* SUPPLIED MATERIAL:
• • •

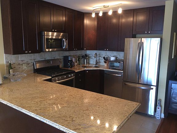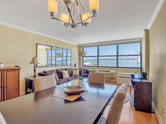 Available April 1: Enjoy amazing unobstructed Manhattan views from this spectacular 2 bedrooms, 2 bath and 1,337 square feet condominium located on the 27th floor of the Galaxy Towers, a full service condominium located on the Hudson River. Impeccably maintained and move-in ready, this home boasts laminate wood flooring, crown molding, huge windows, spacious open floorplan and a renovated kitchen with dark wood cabinets, beige granite countertops, stainless steel appliances, walk-in pantry/storage room and same floor laundry. Both bedrooms are spacious with plush carpeting, ample closet space and large windows for natural light. This unit also features two renovated full baths with granite countertops. Maintenance includes electricity (A/C and heat), gas, 24/7 security and concierge services as well as access to fantastic amenities including indoor & outdoor pools, hot tub, sauna, steam room, fitness center w/Peloton bike, sports courts, children's playroom, game room, private park/garden, and BBQ corner. Bldg is pet friendly with covered dog walk. Onsite mall features public library, restaurant, grocery, pharmacy, and services. In-complex garage parking is $120/month. PRIME LOCATION. Easy 30-min commute to NYC with access to ferry and bus stop in front of building. This unit has it all!! No Fees. Utilities included. Pets allowed.
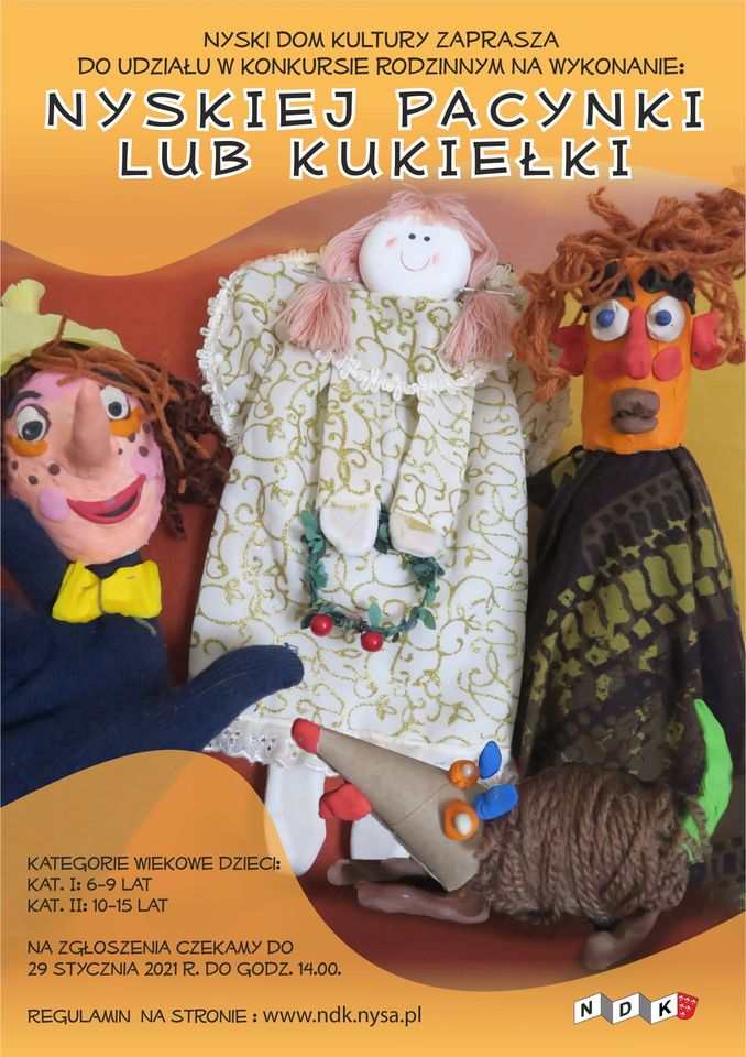 Co można robić podczas długich jesiennych i zimowych wieczorów? Możliwości z pewnością jest sporo, jednak dobrą okazją do rodzinnego spędzenia czasu będzie udział w konkursie rodzinnym na wykonanie Nyskiej pacynki lub kukiełki.
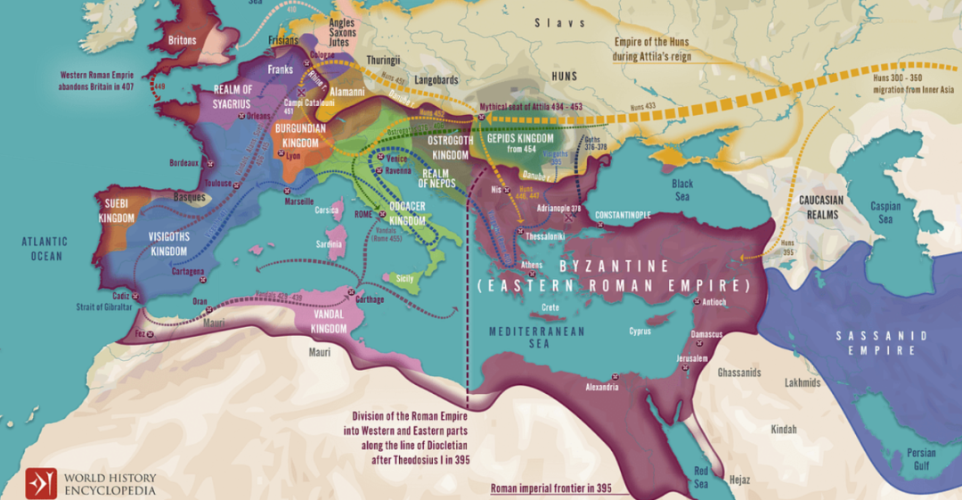 提起匈人,与他联系密切的另外一个词条就是欧洲民族大迁徙,具体情况一般认为是这样的。
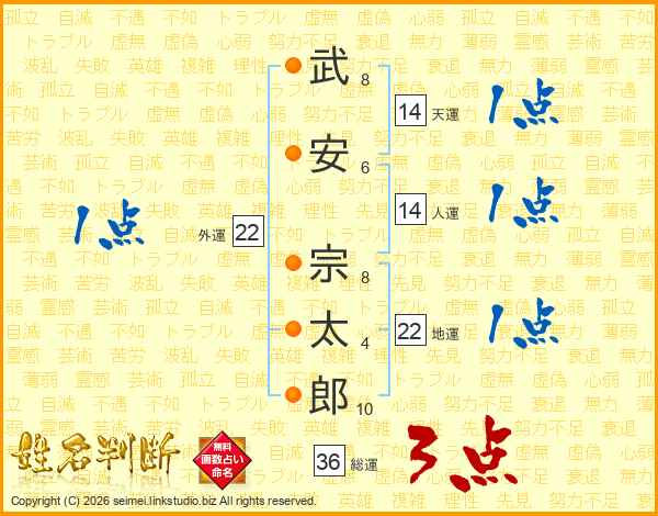 武安宗太郎さんの人運は14画の1点!

• • •

* AIM OF THE TASK: Quote the full listing above word for word; exclude every picture from the copy.

* ANSWER TO THE PROBLEM:
 Available April 1: Enjoy amazing unobstructed Manhattan views from this spectacular 2 bedrooms, 2 bath and 1,337 square feet condominium located on the 27th floor of the Galaxy Towers, a full service condominium located on the Hudson River. Impeccably maintained and move-in ready, this home boasts laminate wood flooring, crown molding, huge windows, spacious open floorplan and a renovated kitchen with dark wood cabinets, beige granite countertops, stainless steel appliances, walk-in pantry/storage room and same floor laundry. Both bedrooms are spacious with plush carpeting, ample closet space and large windows for natural light. This unit also features two renovated full baths with granite countertops. Maintenance includes electricity (A/C and heat), gas, 24/7 security and concierge services as well as access to fantastic amenities including indoor & outdoor pools, hot tub, sauna, steam room, fitness center w/Peloton bike, sports courts, children's playroom, game room, private park/garden, and BBQ corner. Bldg is pet friendly with covered dog walk. Onsite mall features public library, restaurant, grocery, pharmacy, and services. In-complex garage parking is $120/month. PRIME LOCATION. Easy 30-min commute to NYC with access to ferry and bus stop in front of building. This unit has it all!! No Fees. Utilities included. Pets allowed.
 Co można robić podczas długich jesiennych i zimowych wieczorów? Możliwości z pewnością jest sporo, jednak dobrą okazją do rodzinnego spędzenia czasu będzie udział w konkursie rodzinnym na wykonanie Nyskiej pacynki lub kukiełki.
 提起匈人,与他联系密切的另外一个词条就是欧洲民族大迁徙,具体情况一般认为是这样的。
 武安宗太郎さんの人運は14画の1点!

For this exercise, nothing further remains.